Опять дожди, опять туманы,
И листопад, и голый лес,
И потемневшие поляны,
И низкий, серый свод небес.
Опять осенняя погода!
И, мягкой влажности полна,
Мне сердце веселит она:
Люблю я это время года.
Люблю я звонкий свист синицы,
Скрып снегирей в моих кустах,
И белые гусей станицы
На изумрудных озимях.
Люблю я, зонтиком прикрытый,
В речном изгибе, под кустом,
Сидеть от ветра под защитой,
Согретый теплым зипуном —
Сидеть и ждать с терпеньем страстным,
Закинув удочки мои
В зеленоватые струи,
Вглубь Вори[12] тихой и неясной.
Глаз не спускаю с наплавка,
Хоть он лежит без измененья;
Но вдруг — чуть видное движенье,
И вздрогнет сердце рыбака!
И вот он, окунь благородный,
Прельстясь огромным червяком,
Подплыл отважно и свободно,
С разинутым, широким ртом
И, проглотив насадку смело,
Все поволок на дно реки…
Здесь рыбаку настало дело,
И я, движением руки,
Проворно рыбу подсекаю,
Влеку из глубины речной
И на берег ее бросаю,
Далеко за моей спиной.
Но окуни у нас не диво!
Люблю ершей осенний клев:
Берут они не вдруг, не живо,
Но я без скуки ждать готов.
Трясется наплавок… терпенье!
Идут кружочки… пустяки!
Пусть погрузит!
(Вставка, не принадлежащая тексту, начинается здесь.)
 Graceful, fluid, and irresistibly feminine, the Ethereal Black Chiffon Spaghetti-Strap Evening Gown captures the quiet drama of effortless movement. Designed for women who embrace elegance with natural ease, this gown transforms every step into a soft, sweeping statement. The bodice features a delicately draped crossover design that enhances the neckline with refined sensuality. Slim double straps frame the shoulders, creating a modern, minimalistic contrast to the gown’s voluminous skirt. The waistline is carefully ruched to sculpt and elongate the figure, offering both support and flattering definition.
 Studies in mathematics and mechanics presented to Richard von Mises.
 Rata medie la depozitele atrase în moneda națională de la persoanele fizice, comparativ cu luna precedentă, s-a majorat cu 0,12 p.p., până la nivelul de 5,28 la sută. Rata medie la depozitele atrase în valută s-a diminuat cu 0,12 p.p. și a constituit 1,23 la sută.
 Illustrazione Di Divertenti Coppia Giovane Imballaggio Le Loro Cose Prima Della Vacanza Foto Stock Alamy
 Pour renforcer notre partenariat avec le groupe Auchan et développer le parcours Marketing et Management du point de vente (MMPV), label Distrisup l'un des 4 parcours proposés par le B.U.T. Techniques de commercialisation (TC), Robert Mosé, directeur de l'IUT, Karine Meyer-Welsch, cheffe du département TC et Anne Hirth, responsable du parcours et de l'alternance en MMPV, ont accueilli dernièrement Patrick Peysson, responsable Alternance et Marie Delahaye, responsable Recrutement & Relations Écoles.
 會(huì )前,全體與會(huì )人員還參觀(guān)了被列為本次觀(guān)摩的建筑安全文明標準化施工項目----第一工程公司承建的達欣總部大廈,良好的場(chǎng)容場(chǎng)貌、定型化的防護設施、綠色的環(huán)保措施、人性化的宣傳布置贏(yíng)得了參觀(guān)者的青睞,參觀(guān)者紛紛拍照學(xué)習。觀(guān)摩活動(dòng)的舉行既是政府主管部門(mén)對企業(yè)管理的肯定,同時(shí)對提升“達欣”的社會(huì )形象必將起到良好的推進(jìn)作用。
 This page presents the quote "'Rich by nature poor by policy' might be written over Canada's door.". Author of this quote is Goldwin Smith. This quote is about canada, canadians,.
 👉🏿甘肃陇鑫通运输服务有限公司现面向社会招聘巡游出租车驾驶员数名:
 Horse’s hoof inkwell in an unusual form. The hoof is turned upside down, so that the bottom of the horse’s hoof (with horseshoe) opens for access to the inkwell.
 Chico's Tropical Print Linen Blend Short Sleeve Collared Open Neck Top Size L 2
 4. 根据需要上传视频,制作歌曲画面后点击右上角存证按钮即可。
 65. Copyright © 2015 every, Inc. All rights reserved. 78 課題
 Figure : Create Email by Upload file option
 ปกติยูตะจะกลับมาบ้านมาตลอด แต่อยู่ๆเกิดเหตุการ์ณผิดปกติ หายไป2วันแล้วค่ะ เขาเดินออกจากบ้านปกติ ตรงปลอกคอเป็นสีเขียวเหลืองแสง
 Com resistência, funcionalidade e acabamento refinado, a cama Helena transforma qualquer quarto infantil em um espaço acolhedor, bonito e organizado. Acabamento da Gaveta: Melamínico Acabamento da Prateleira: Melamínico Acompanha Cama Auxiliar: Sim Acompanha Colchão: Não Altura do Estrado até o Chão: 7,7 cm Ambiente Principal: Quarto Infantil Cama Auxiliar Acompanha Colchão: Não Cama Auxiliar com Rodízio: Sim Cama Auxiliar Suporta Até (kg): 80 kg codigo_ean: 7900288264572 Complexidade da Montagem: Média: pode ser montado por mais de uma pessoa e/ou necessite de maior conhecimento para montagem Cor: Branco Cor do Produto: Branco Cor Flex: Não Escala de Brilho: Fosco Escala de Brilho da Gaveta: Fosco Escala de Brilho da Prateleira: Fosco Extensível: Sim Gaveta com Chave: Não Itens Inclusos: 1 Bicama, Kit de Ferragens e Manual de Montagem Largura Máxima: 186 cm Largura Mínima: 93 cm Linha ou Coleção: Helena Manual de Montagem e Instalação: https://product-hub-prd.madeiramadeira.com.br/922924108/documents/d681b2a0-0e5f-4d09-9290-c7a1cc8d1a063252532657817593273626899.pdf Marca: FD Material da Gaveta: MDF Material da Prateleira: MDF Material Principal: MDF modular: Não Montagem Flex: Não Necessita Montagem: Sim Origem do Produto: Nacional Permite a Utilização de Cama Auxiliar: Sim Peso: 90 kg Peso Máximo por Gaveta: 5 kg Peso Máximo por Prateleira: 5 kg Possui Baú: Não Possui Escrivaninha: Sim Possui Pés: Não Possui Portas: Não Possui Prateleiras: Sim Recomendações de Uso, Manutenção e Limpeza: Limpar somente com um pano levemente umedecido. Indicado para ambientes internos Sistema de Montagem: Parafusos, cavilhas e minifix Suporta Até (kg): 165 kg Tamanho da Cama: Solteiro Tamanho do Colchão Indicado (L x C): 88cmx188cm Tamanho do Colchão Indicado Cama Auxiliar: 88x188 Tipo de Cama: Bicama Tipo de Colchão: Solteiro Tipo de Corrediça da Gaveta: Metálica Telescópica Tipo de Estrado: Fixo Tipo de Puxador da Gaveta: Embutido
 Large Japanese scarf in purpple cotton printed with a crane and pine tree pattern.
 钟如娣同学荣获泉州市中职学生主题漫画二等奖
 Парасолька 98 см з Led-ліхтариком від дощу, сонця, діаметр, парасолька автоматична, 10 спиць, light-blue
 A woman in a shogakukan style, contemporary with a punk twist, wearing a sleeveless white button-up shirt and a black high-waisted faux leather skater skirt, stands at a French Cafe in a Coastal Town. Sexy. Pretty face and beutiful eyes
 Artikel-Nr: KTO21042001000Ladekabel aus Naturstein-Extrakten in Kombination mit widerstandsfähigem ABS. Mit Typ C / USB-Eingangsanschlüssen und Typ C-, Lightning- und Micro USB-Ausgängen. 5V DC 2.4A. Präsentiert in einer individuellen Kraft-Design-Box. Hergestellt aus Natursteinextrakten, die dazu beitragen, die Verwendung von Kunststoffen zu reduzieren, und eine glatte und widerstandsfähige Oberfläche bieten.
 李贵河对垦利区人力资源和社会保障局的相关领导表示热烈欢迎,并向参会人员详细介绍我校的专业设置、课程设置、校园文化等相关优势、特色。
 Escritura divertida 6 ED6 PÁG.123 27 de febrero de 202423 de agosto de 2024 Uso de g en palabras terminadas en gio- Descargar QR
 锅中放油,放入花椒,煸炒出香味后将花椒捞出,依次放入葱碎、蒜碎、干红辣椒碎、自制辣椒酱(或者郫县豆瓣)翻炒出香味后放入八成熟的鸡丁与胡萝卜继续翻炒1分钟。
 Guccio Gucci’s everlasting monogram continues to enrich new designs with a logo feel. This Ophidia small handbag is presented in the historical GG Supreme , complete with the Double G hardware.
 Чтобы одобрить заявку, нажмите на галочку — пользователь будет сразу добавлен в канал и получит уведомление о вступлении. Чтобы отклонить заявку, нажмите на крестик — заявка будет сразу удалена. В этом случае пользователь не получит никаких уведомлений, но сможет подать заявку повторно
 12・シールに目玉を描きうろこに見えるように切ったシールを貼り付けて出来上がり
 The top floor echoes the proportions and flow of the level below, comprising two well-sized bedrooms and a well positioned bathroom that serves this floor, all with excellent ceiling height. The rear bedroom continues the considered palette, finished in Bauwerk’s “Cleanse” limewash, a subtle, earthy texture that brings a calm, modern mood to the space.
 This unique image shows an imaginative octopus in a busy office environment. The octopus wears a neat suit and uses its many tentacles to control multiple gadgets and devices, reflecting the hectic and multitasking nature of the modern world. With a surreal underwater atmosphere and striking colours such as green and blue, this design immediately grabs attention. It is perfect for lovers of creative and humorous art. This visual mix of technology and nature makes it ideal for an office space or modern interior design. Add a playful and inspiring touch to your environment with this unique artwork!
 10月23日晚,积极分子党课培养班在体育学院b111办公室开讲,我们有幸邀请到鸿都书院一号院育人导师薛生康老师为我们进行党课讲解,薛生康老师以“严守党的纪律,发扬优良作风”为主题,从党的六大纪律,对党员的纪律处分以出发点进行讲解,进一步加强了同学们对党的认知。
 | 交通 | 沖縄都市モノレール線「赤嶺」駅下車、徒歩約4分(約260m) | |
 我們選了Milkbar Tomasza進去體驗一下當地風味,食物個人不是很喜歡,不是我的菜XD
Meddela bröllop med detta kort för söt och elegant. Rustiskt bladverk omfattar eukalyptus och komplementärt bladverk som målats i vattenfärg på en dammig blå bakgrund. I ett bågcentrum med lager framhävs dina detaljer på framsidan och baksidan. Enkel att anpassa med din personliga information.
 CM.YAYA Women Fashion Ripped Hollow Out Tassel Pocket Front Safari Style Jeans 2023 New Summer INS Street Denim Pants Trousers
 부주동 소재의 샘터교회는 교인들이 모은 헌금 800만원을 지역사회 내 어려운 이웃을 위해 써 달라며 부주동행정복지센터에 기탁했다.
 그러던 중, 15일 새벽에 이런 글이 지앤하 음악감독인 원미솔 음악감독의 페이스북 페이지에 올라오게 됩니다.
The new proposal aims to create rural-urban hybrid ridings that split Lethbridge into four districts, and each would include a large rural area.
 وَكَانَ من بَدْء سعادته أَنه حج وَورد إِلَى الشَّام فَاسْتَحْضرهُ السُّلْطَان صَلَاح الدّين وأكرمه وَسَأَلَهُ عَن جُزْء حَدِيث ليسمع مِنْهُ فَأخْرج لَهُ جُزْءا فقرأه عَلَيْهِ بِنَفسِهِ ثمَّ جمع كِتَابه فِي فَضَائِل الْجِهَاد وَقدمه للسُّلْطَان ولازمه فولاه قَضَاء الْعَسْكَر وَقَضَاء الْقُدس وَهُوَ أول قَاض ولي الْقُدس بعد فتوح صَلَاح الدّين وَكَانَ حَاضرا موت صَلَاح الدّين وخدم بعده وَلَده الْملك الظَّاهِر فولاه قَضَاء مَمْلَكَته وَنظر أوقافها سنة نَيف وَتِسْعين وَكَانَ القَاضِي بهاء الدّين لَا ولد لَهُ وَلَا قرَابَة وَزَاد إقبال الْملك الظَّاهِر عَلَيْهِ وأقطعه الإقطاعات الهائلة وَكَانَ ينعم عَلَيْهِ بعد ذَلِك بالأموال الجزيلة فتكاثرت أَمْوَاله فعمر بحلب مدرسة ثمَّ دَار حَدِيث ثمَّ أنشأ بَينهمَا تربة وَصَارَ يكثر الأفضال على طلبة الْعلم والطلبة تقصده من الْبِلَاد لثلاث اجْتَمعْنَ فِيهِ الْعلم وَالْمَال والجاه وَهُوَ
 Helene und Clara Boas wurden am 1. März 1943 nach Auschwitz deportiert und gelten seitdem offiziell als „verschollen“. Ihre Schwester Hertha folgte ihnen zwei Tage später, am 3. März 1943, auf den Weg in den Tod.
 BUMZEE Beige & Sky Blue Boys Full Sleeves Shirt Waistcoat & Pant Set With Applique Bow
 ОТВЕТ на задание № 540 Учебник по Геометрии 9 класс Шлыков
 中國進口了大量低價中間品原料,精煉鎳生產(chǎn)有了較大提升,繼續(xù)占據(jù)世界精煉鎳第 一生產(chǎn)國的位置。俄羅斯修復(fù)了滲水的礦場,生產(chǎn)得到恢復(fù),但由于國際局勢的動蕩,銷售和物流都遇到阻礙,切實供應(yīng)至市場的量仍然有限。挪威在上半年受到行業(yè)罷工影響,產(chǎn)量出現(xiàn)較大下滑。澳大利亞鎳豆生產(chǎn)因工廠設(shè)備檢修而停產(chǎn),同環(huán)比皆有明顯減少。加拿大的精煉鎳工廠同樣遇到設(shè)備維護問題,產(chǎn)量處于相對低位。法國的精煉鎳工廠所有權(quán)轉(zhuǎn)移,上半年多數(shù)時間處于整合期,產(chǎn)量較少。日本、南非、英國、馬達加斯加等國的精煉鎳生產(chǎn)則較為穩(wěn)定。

Мне наслажденье
Ерша тащить со дна реки:
Весь растопыренный, сердитый,
Упорно лезет из воды,
Густою слизью ерш покрытый,
Поднявши иглы для защиты, —
Но нет спасенья от беды!
Теперь не то. Внезапной хвори
Я жертвой стал. Что значим мы?
Гляжу на берега я Вори
В окно, как пленник из тюрьмы.
Прошло и теплое ненастье,
Сковал мороз поверхность вод,
И грустно мне. Мое участье
Уже Москва к себе зовет.
Опять прости, уединенье!
Бесплоден летний был досуг,
И недоступно вдохновенье.
Я не ропщу: я враг докук.
Прощайте, горы и овраги,
Воды и леса красота,
Прощайте ж вы, мои «коряги»,[13]
Мои «ершовые места!»
1857,
С. Абрамцево.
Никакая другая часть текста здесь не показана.